Although the Commission spent two years studying the issue for SDG&E and SoCalGas, PG&E asserts that a similar effort is not needed in Northern California. To suggest that further study is needed now, is basically suggesting that the Commission erred in its decision regarding SDG&E and SoCalGas.
LGS also opposes PG&E's winter reliability proposal because PG&E's Core Procurement Department does not propose to bid out the additional 75 Mdth/d of storage withdrawal capacity that it would need to meet the Winter Firm Capacity Requirement. Wild Goose opposes PG&E's proposal that the 75 Mdth/d of additional withdrawal capacity would not be put out to bid. PG&E contends that these objections are misplaced and based on self-interest. PG&E asserts that D.93-02-013 obligates PG&E to provide the storage capacity for core reliability needs. Unless this policy is changed, the core cannot seek bids from third-party storage providers to provide the added storage withdrawal capacity to meet reliability needs. PG&E asserts that since the Commission has not yet unbundled PG&E's obligation to provide core storage, the suggestion that PG&E's proposal is anticompetitive is absurd.

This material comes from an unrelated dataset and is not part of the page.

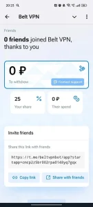 Рабочая ссылка на Belt VPN в Telegram. Количество активных юзеров у бота скрыто. Если приложение не работает или описание не соответствует действительности, напишите нам.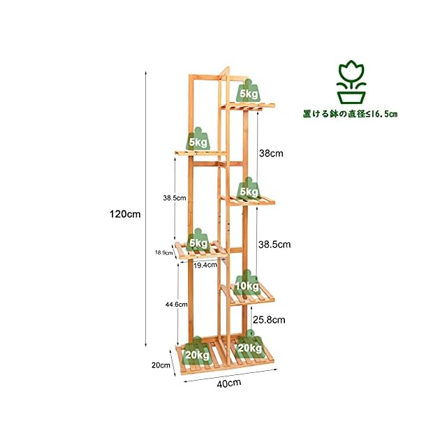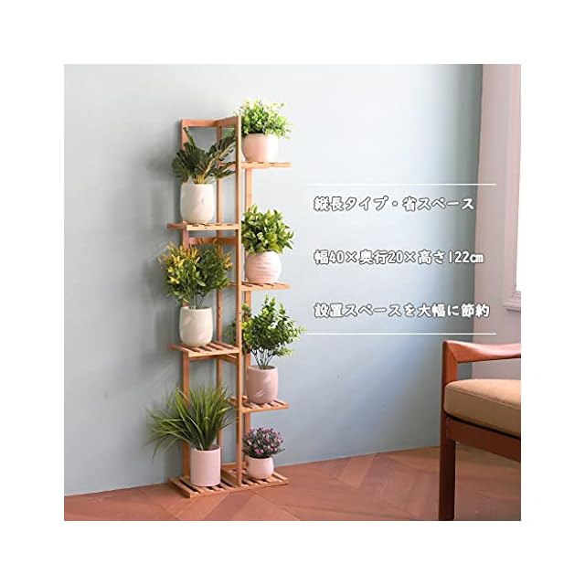 【6段ラック】6段タイプの花台、鉢を置くスペースが7箇所あるので、お好みの花や観葉植物をたっぷり飾れます。植物同士の間隔を十分にに空けられるので、植物の生長をサポートします。

If LGS or Wild Goose wants to change Commission policy, then it should develop such a proposal and present it to the Commission.
PG&E points out that its rebuttal testimony demonstrates that the increase in the capital expenditures related to the Winter Reliability Standard was to reflect the increase in the installed unit cost ($/ft) for current pipeline installation costs.
After reviewing the record in this proceeding, and the arguments of the parties, there are several reasons why PG&E's Winter Reliability Standard and the related Winter Firm Capacity Requirement proposals should not be adopted at this time.
First, PG&E seeks to apply the 1-in-10 year cold standards that were approved for SDG&E and SoCalGas in D.02-11-073 to PG&E's transmission system. However, D.02-11-073 was a proceeding opened by the Commission to specifically investigate the "adequacy of the SoCalGas and SDG&E gas supply and transmission system to provide service to present and future core and noncore customers of SDG&E." (D.02-11-073, p. 3.) Unlike that proceeding, the central focus of this proceeding is to address the gas market structure for PG&E's gas transmission and storage systems, and to set rates for 2004.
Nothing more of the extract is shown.